[Data listing — start]

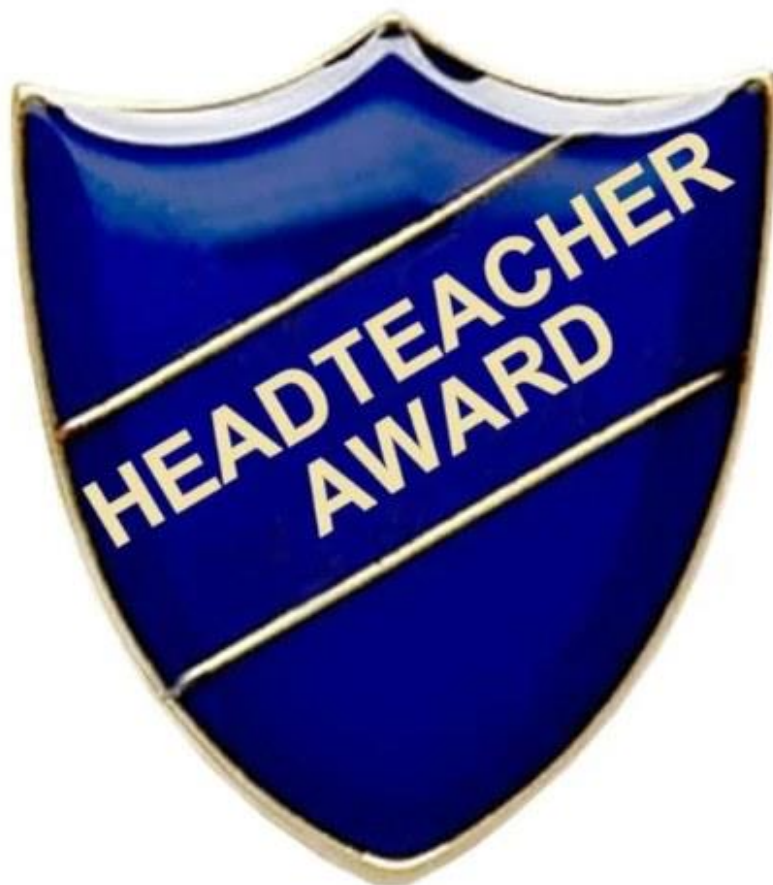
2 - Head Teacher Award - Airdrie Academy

[Data listing — finish]
[Data listing — start]

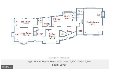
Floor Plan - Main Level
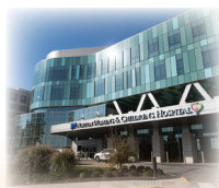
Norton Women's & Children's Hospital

[Data listing — finish]

[Work required] Your answer must be the lines above from the one holding "Floor Plan - Main Level" up to and including the one holding "Norton Women's & Children's Hospital", exact and with no pictures.

[Response area]
Floor Plan - Main Level
Norton Women's & Children's Hospital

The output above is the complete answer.